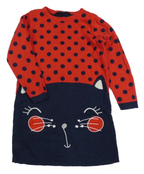 Červeno-tmavomodré bodkovaná é pletené šaty s mačkou George
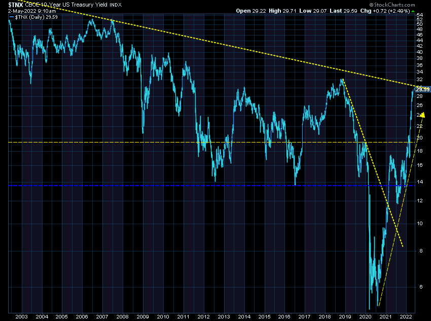 Long-term, we are reaching a critical level in rates. This chart shows the 40-year downtrend line in rates (or data agreement only allows me to show a 20-year chart.) We are getting precariously close to violating that trend line. We are also getting close to the 2019 peak in rates around 3.25%.
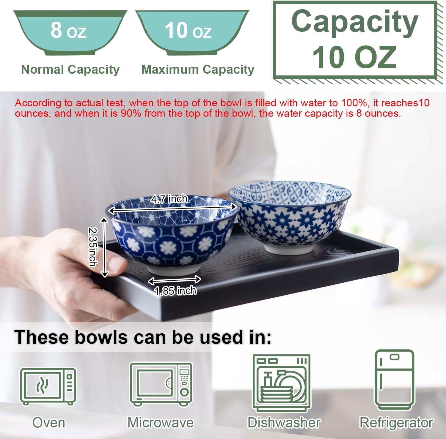 - 🌟Perfect Size for Small Servings🌟AntoKueh 4.7 inches Porcelain Bowls have a MAX capacity of 10 fl oz. 10 oz is to the very top. Each small bowl can hold 7-8 fl oz, which is perfect for sides, cooking ingredients, 2 scoops of ice cream, small soup, salsa, fruit, jello, pudding, yogurt, etc. Product Dimensions: 4.7'' W x 2.25'' H.
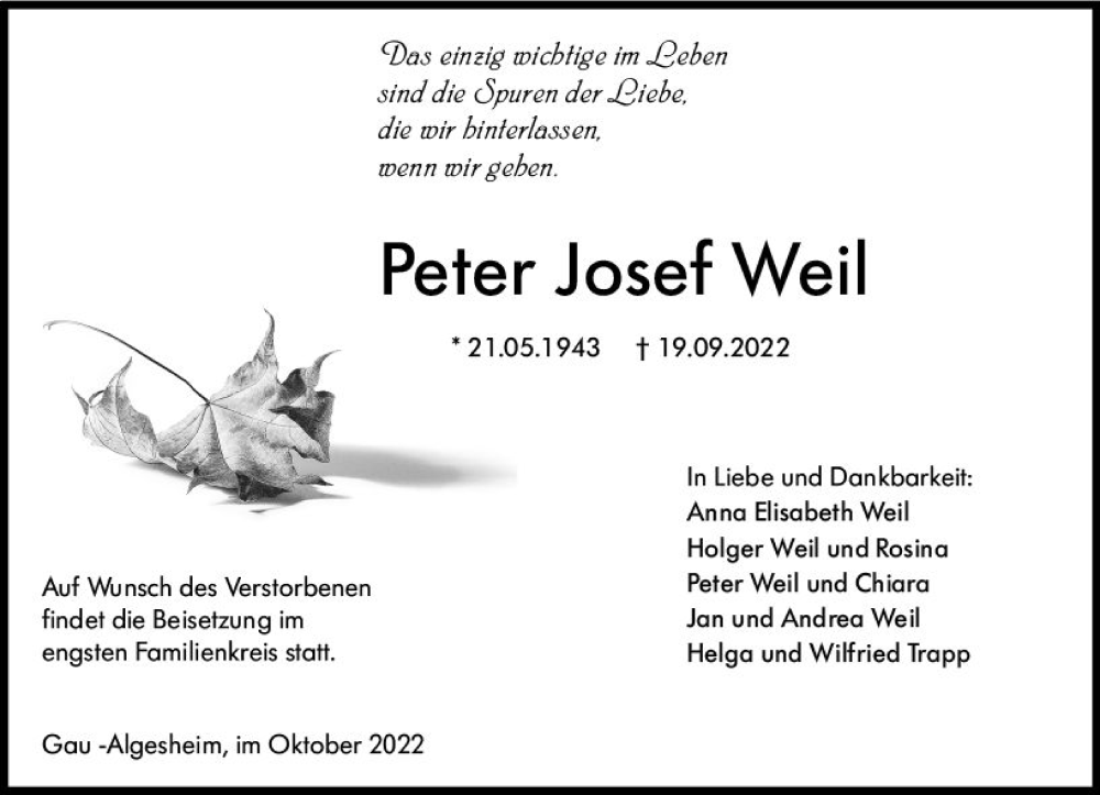Hier finden Sie alle Traueranzeigen aus der Zeitung, die bisher für Peter Josef Weil erschienen sind. Weitere Traueranzeigen, die in der Zeitung erscheinen, werden hier ebenfalls aufgelistet
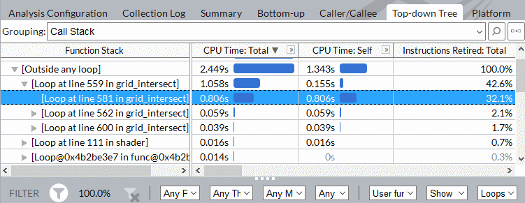 最も重い上位レベルのループを特定するには、[トップダウン・ツリー] ウィンドウに切り替えます。グリッド内のデータは、最も時間のかかる最上位のループから合計時間のメトリックでソートされます。

= = =

- [Assignment]: From the first line of the entries down to the line with "Hier finden Sie", print each line exactly; omit any picture.

- [Written solution]:
 Červeno-tmavomodré bodkovaná é pletené šaty s mačkou George
 Long-term, we are reaching a critical level in rates. This chart shows the 40-year downtrend line in rates (or data agreement only allows me to show a 20-year chart.) We are getting precariously close to violating that trend line. We are also getting close to the 2019 peak in rates around 3.25%.
 - 🌟Perfect Size for Small Servings🌟AntoKueh 4.7 inches Porcelain Bowls have a MAX capacity of 10 fl oz. 10 oz is to the very top. Each small bowl can hold 7-8 fl oz, which is perfect for sides, cooking ingredients, 2 scoops of ice cream, small soup, salsa, fruit, jello, pudding, yogurt, etc. Product Dimensions: 4.7'' W x 2.25'' H.
Hier finden Sie alle Traueranzeigen aus der Zeitung, die bisher für Peter Josef Weil erschienen sind. Weitere Traueranzeigen, die in der Zeitung erscheinen, werden hier ebenfalls aufgelistet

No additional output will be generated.